I shout in frustration but I am robbed even of wordless sound as it too is seized instantly by the wind and flung aside like winter debris.

No matter how hard I try, I cannot catch all the fragments whirling round about me.

If I could just gather them all together in one place out of this wind, I can perhaps begin to figure out how to stitch them into comprehensible sentences but the wind is far too strong. Everything eludes my grasp.

As I stand buffeted and bewildered, I suddenly notice the man. He is seated on the ground beneath the tree. I hadn’t seen him before, having been too busy in my frantic activity. As he sits, he calmly plucks letters and words from the air, capturing them in his hands. The wind whips his hair across his face and as he tilts his head sideways to shift the strands, he looks up at me and smiles. He doesn’t speak, but simply carries on effortlessly catching words. My words. One by one, the pieces are carried by the turbulent currents towards him and into his hands where they remain, no longer affected by the wind.

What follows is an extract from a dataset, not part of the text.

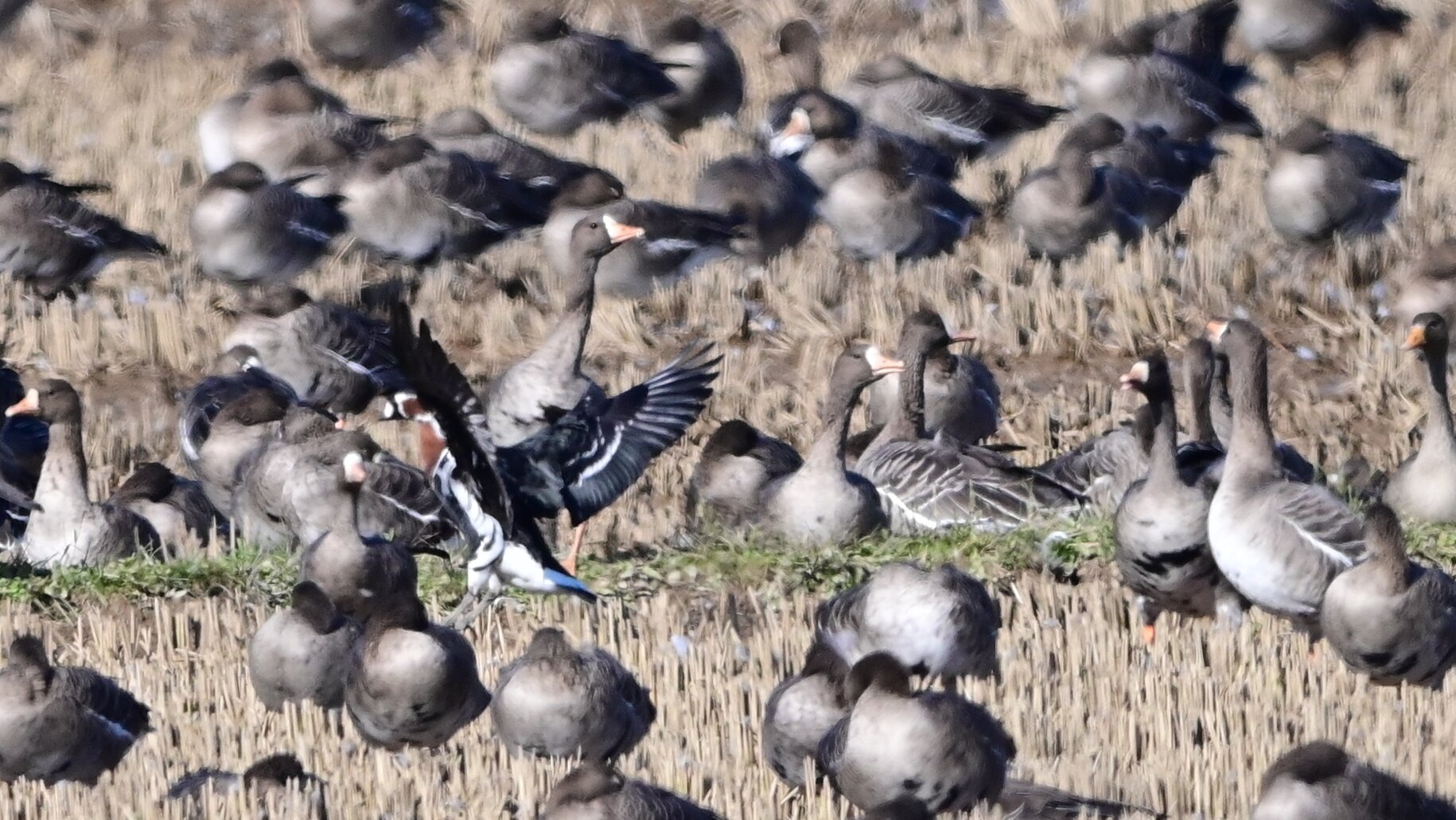 羽ばたいてるマガンの前にいますがお分かりですか

The scene ends there, just a brief flare of the imagination. A thought that drops into my mind as I attempt to pray one day. An attempt that feels just like chasing words in the wind. 

The cross winds of life can make prayer a difficult and sometimes impossible task for us. How do we order everything that we are thinking and feeling into words that can be called prayer?

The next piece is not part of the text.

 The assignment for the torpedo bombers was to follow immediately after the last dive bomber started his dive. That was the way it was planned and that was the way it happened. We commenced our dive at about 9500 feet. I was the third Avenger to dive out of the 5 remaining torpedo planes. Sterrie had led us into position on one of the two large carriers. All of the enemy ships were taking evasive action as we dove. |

What a relief to picture Jesus smiling his reassurance to us.

‘It’s all right, I’ve got this. Stop trying so hard and instead trust what I can do. I’m out here in the wind with you even though you didn’t notice me. I am your prayer maker.’

It’s OK that we don’t know how to pray sometimes. Jesus will write our prayers for us. He knows us far better than we can ever know ourselves anyway and he knows that when stormy winds blow in our souls, we need his help. We can stop being so hard on ourselves. We can stop reaching and struggling. If you don’t have words for your heart, then simply bring your heart. Jesus takes the heavy sighing efforts of our souls and makes them pure expressions of prayer..



‘Meanwhile, the moment we get tired in the waiting, 
God’s Spirit is right alongside helping us along.
 If we don’t know how or what to pray, it doesn’t matter. 
He does our praying in and for us, 
making prayer out of wordless sighs, 
our aching groans.’
Romans 8:26 (Msg)




Perhaps when strong soul winds are swirling words beyond our grasp, the best thing to do is go and sit beside Jesus under the tree and rest knowing that he has it all under control. Wordlessly sit in a posture of prayer and allow his Spirit to suffuse us with peaceful reassurance.